Inference for large-scale time series with application to sensor fusion
CIVIL-606 / 2 credits
Teacher(s): Guerrier Stéphane, Skaloud Jan
Language: English
Remark: Next time: Spring 2025, block course
Frequency
Every 3 years
Summary
Large-scale time series analysis is performed by a new statistical tool that is superior to other estimators of complex state-space models. The identified stochastic dependences can be used for sensor fusion by Bayesian (e.g.
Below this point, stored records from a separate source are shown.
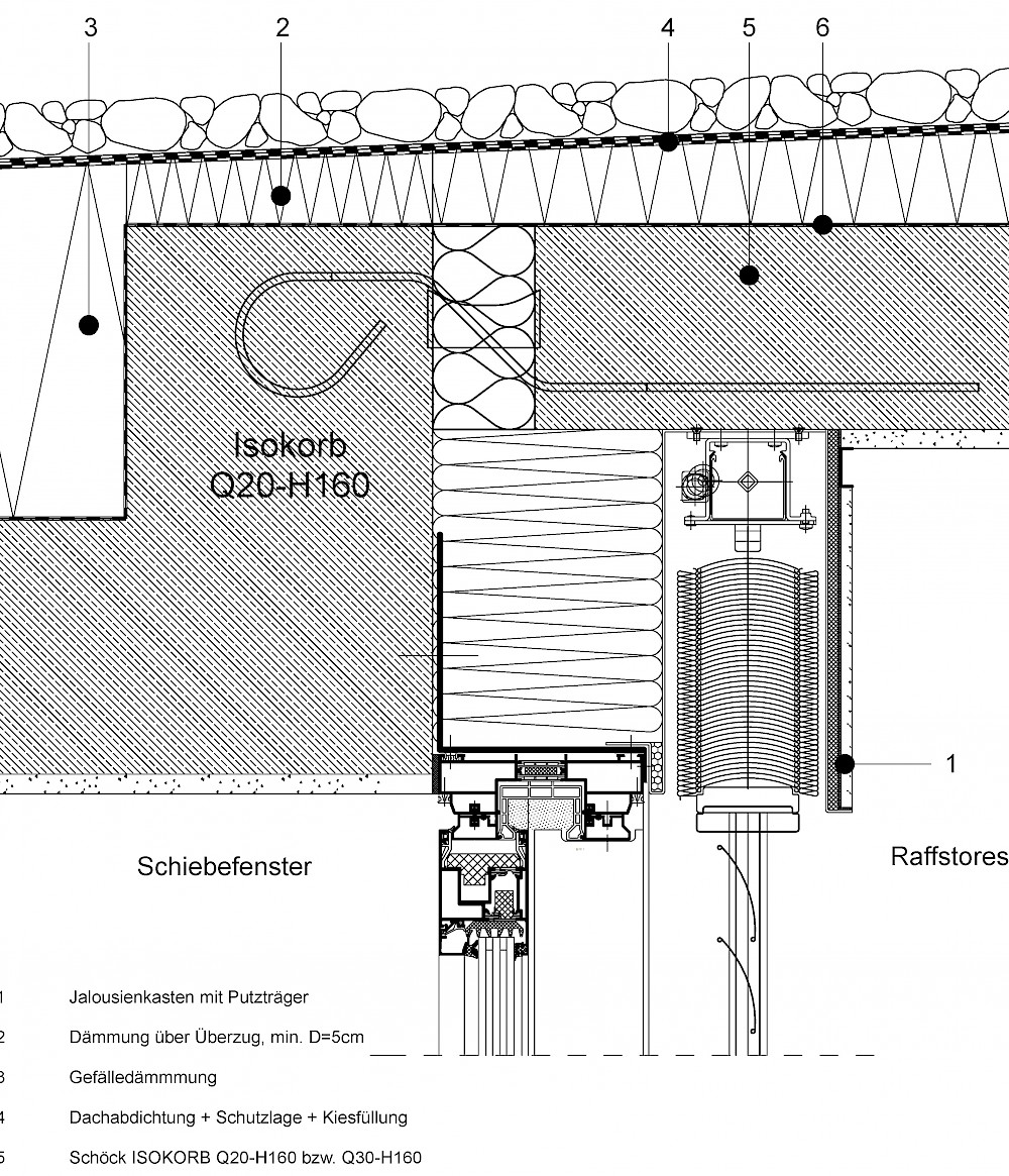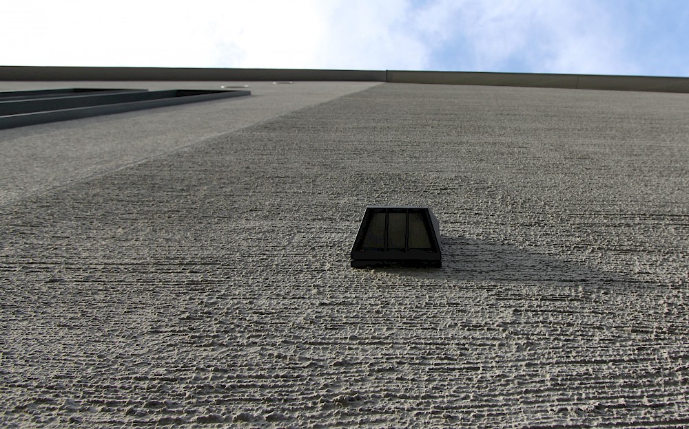 Die Gebäudehülle ist geradlinig, kompakt, ohne Gebäudeversprünge und hat ein durchgehendes Dach.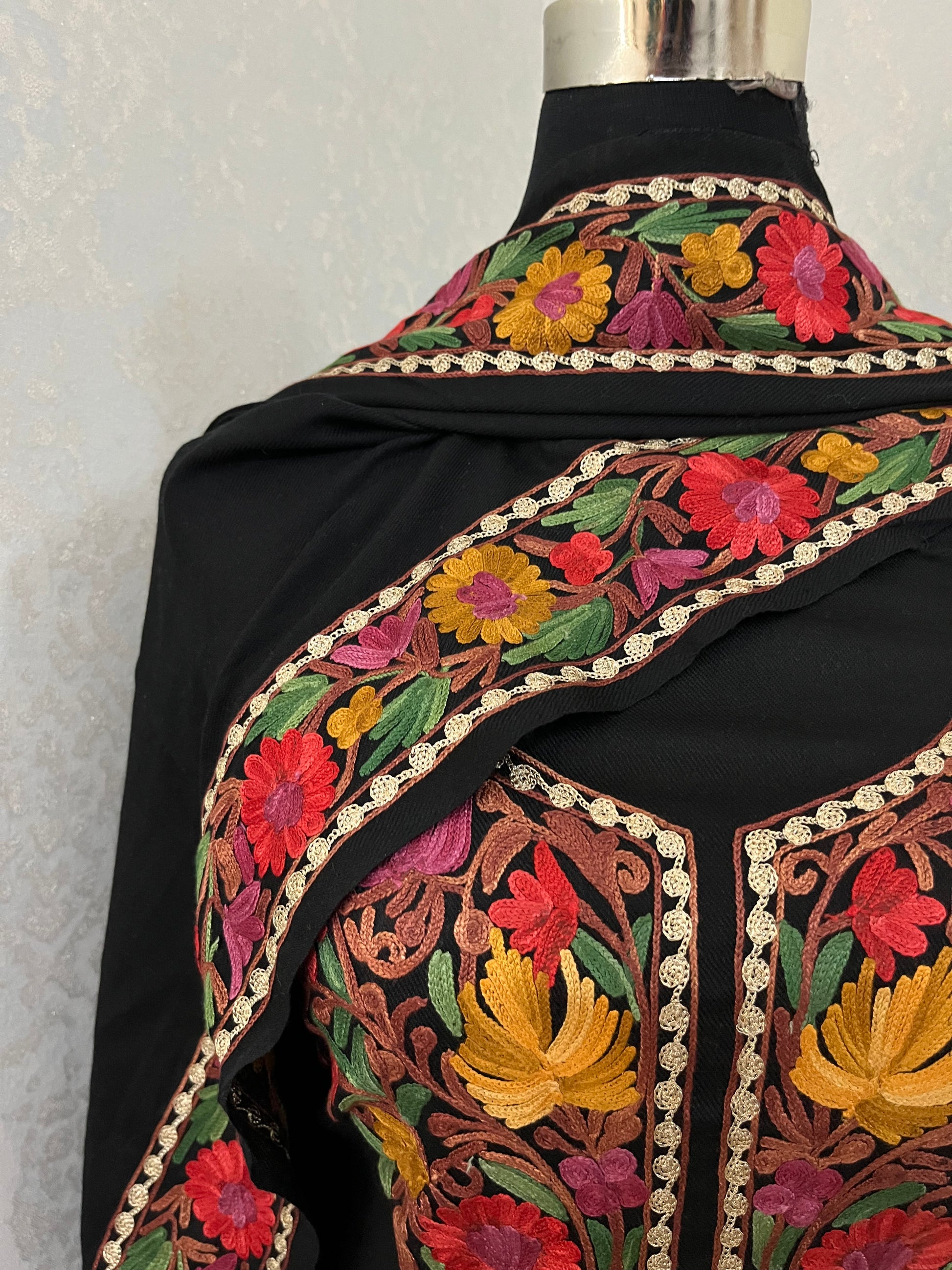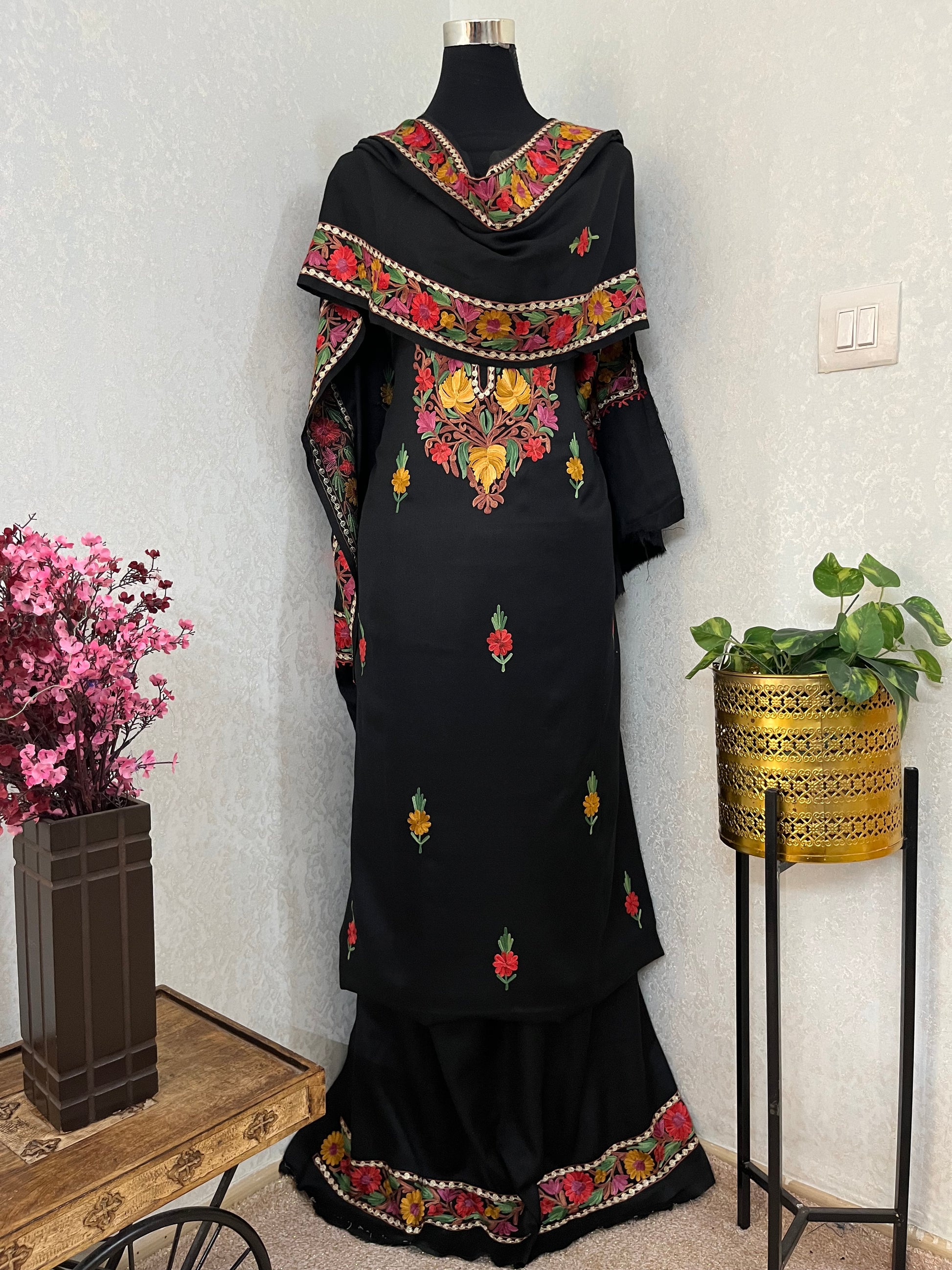 Black Pure Wool Aari Embroidered 3pc Suit Stole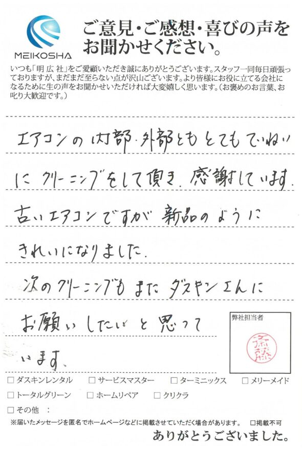 「エアコンの内部・外部ともとてもていねいにクリーニングをして頂き、感謝しています。古いエアコンですが新品のようにきれいになりました。次のクリーニングもダスキンさんにお願いしたいと思っています。」
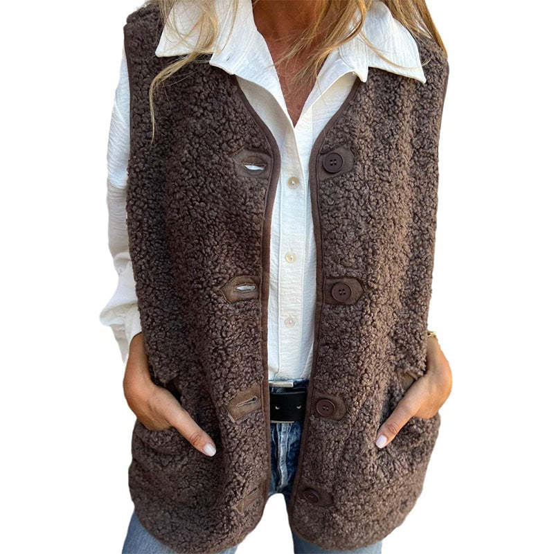 Damska jesienna krótka ciepła kamizelka zapinana na guziki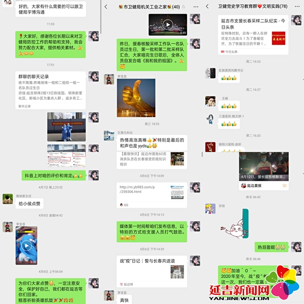 巾帼也有男儿志,赤胆雄风重任担。4月3日,延吉市卫生健康局成立第一批支援长春核酸采样工作队赶赴长春。时间紧、任务重,为了缓解队员们的紧张压力,她积极与工作队联系,实时与队员们互动,为他们打气鼓劲,同时,搭好支援工作队和新闻媒体“联心桥”,第一时间归纳整理工作队支援动态和感人瞬间,转发给市委宣传部,并及时向工作队反馈媒体及长春群众的肯定和赞扬。“每一名队员背后,都有一段感人故事,不负青春梦想,不负使命担当,为逆行而战的队员们传递希望与坚守、温暖与力量,这就是我想认真做好抗疫宣传的意义”。

Kalman) filtering or for studying changes in natural/biological phenomena.
Content
Linear dynamic systems
- state-space notation and propagation of errors
- modeling of sensor errors and state vector augmentation
- the need for stochastic model identification and parameter estimation in Bayesian filtering
Time series fundamentals
- measuring dependence, examples
- stationarity and fundamental representation
- ARMA models
Properties of estimators
- extremum estimators
- Maximum Likelihood
- Generalized Method of Moments
- consistency and asymptotic normality
Allan Variance
- Allan Variance definition, properties and estimation
- Allan Variance-based estimation of stochastic parameters
Generalized Method of Wavelet Moments (GMWM)
- wavelet variance
- GMWM estimator and its properties
- model selection
GMWM Extensions
- covariate-dependent models and examples
- multivariate-based modeling
GMWM usage
- ‘R’ and its GMWM package with documentation
- on-line computational platform
- examples
Keywords
Statistics, modeling, estimation, sensor-fusion, time-series, Bayesian/Kalman filtering, state-space models
Learning Prerequisites
Required courses
Linear algebra, basic signal processing, basic statistics, basic programming
Learning Outcomes
By the end of the course, the student must be able to:
- Calculate Allan/Wavelet variances from time time-series data
- Identify structure of latent stochastic processes within a time series
- Estimate model parameters together with its confidence intervals
- Apply estimated models in state-space estimation
Expected student activities
The lectures alternates with labs during 2 week block. Students then work on a 32h project (distributed data or -after an agreement - their own data). The evaluation is based on written project report that is presented first orally before its due date - 1.5 month after block end.
Resources
Bibliography
Applied Time Series Analysis with R: https://smac-group.github.io/ts/
An Introduction to Statistical Programming Methods with R: https://smac-group.github.io/ds/
Moodle: (TBD)
Notes/Handbook
Freely accessible website with “tutorial / exercises” and slides.
Websites
Moodle Link
In the programs
- Exam form: Oral presentation (session free)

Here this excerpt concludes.